Он выглядел старше, чем я помнила, но в лице появилось больше определенности. Прежде оно было плоским, как монета, точнее даже, монета, расплющенная колесами поезда; черты казались стертыми — не совсем, частично — и проступали неясно, расплывчато, словно из-под марли. А теперь они начали проявляться: светло-голубые, проницательные глаза-никогда не считала его проницательным, — тонкий, немного дерзкий рот, рот игрока. Почему я раньше этого не замечала?

Он рассказал, что, вернувшись вечером из больницы, нашел мать в подвале, у лестницы. На виске у нее был синяк, а шея очень неестественно вывернута — сломана, как он почти сразу понял. Твердо зная, что она мертва, он все же для проформы вызвал «скорую помощь». Она была в домашнем халате и розовых шлепанцах — должно быть, поскользнулась, сказал отец, упала с лестницы, ударилась несколько раз головой и в конце концов сломала шею. Он намекнул, что в последнее время мать излишне много пила. Коронер вынес вердикт: случайная смерть. Что же еще, если следов пребывания в доме посторонних не обнаружили и из дома ничего не пропало. Это был мой самый данный разговор с отцом за всю жизнь.

Я почувствовала себя очень виноватой сразу по многим причинам. Я ее бросила, ушла, хотя знала, что она несчастна. Не поверила телеграмме, подозревала ее в разных кознях и даже не приехала на похороны. Захлопнула перед ней дверь в момент ее смерти, который, впрочем, не могли установить точно — отец нашел ее через пять, а то и шесть часов. Я чувствовала себя убийцей, хотя формально это было не так.

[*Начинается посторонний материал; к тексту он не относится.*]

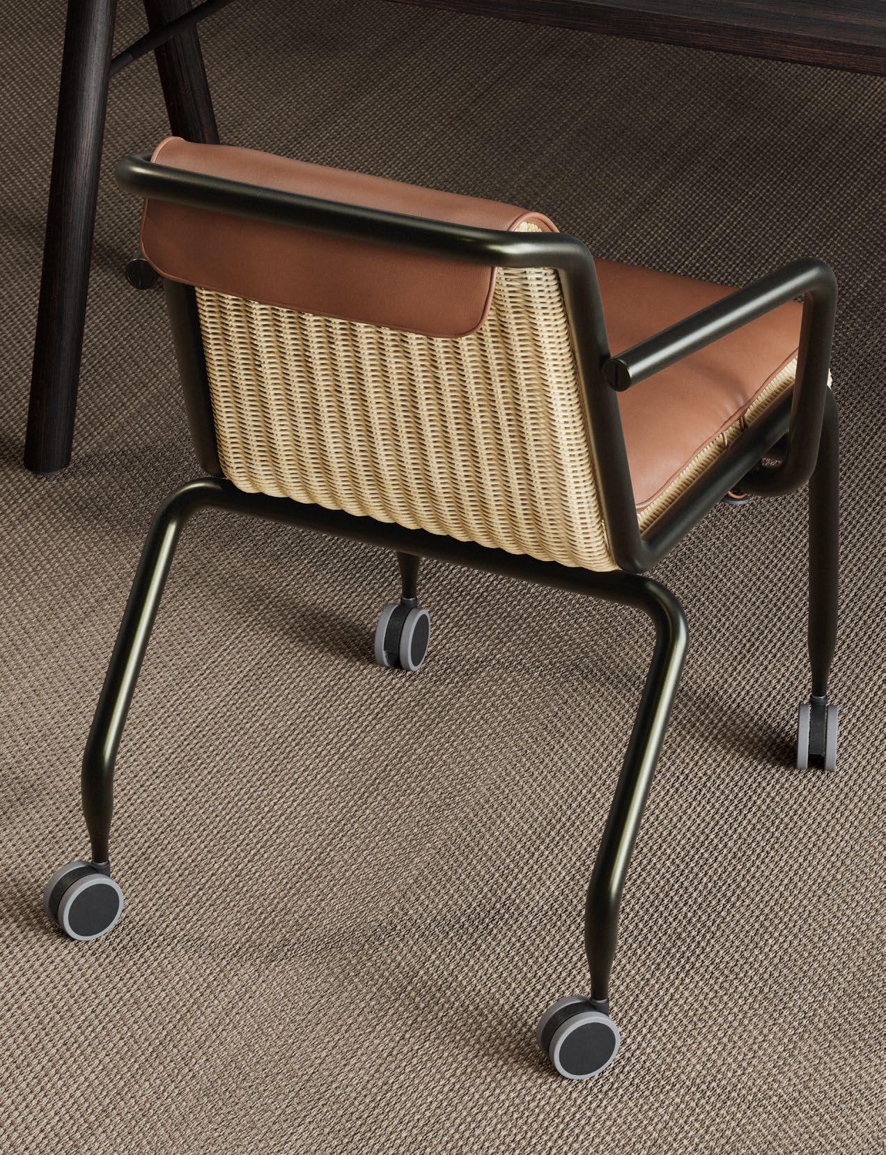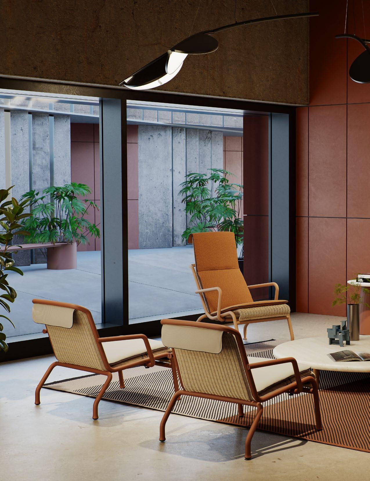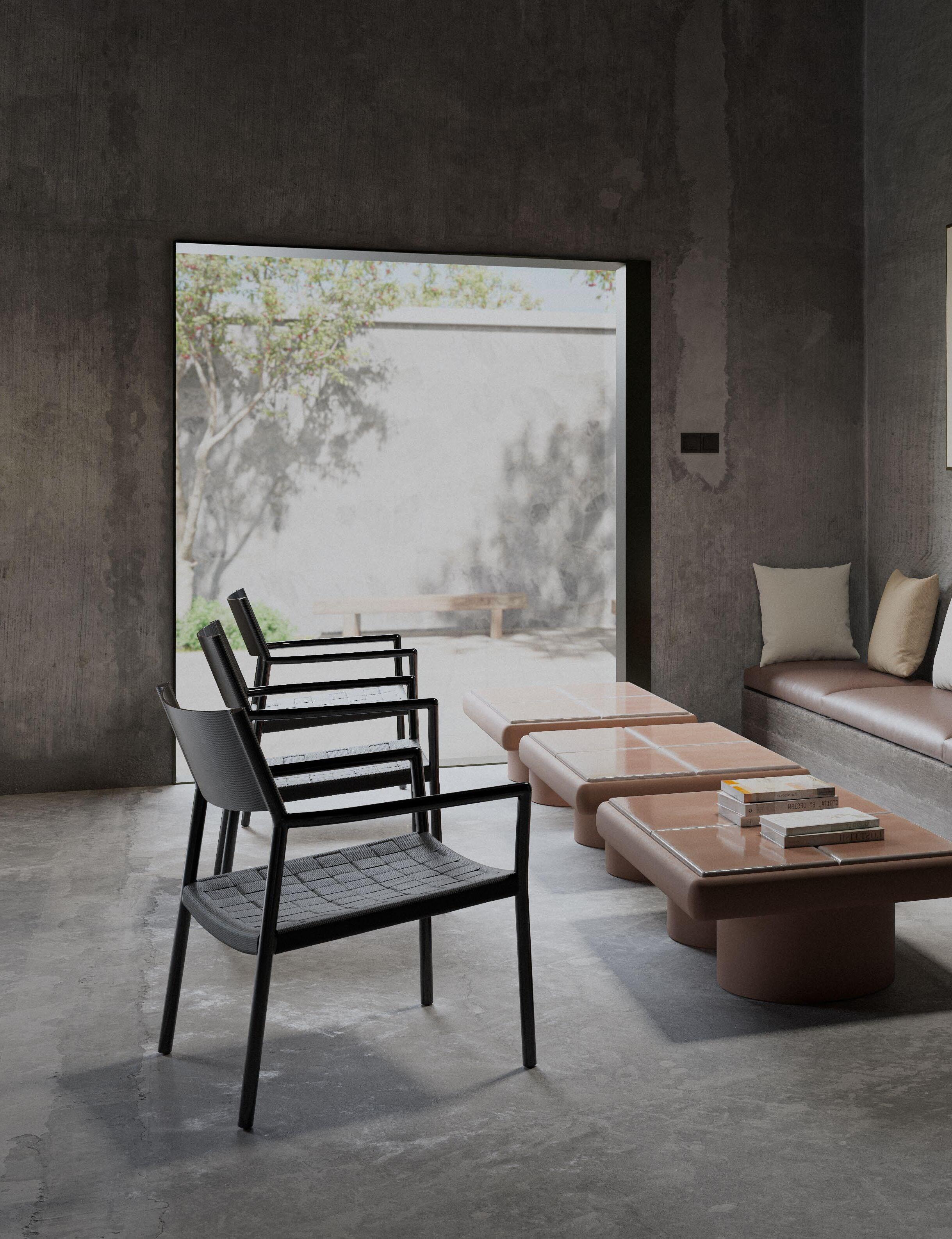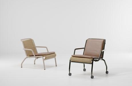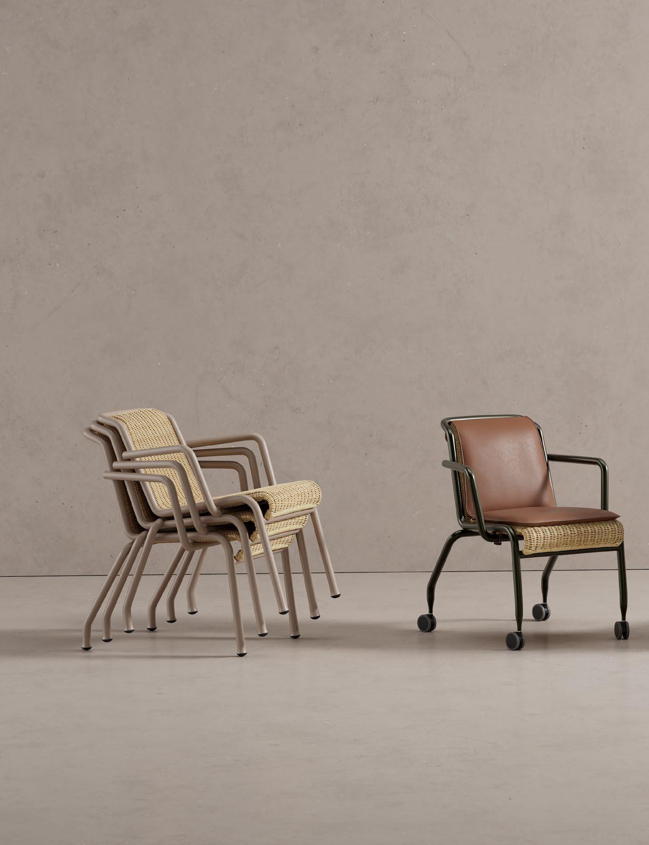 One of the collection’s highlights is the Eolias Salinas series, which features a chair, club chair, and club lounge chair made from sturdy aluminum with a woven wicker detail. These pieces come in both indoor and outdoor versions, with the indoor chairs available with or without wheels for added convenience.

В ту ночь я пошла к холодильнику — ее холодильнику — и в тоске и отчаянии безо всякого удовольствия стремительно сожрала все, что нашла: полкурицы, четверть фунта масла, покупное пирожное с банановым кремом, два батона хлеба и банку клубничного Джема из буфета. Мне казалось, что она вот-вот должна возникнуть на пороге и пронзить меня тем брезгливым, но втайне удовлетворенным взглядом, который я так хорошо помнила, — ей нравилось заставать меня на месте преступления. Но, несмотря на этот ритуал, который так часто вызывал ее раньше, она не появилась. За ночь меня дважды вырвало. Рецидивы обжорства больше не повторялись.

Подозревать отца я начала на следующий день, когда за завтраком, глядя на меня новыми, лукавыми глазами, он проговорил так, будто долго репетировал:

— Может, тебе трудно в это поверить, но я любил твою мать.

Мне действительно было трудно в это поверить. Я хорошо знала про отдельные, пусть и стоявшие рядом, кровати; про взаимные обиды и обвинения; знала, что, сточки зрения моей матери, мы с отцом не оправдывали жертв, на которые ей приходилось идти и которые, как ей казалось, заслуживали вознаграждения. Она часто повторяла, что ее никто не ценит, и это отнюдь не было паранойей. Ее действительно не ценили, хотя она всегда поступала правильно, посвятила жизнь семье, сделала это своей работой, карьерой, а посмотрите на них: жирная растрепа-дочь и муж, от которого слова не дождешься. К тому же он отказывался переезжать обратно в Роуздейл, к благословенному источнику респектабельных англосаксонских денег, а ведь там когда-то жила его семья, он что, стыдится собственной жены? Вероятно, ответ был «да», хотя на такие тирады отец, как правило, отвечал молчанием либо говорил, что не любит Роуздейл. Мать отвечала, что он не любит ее, и я с этим соглашалась.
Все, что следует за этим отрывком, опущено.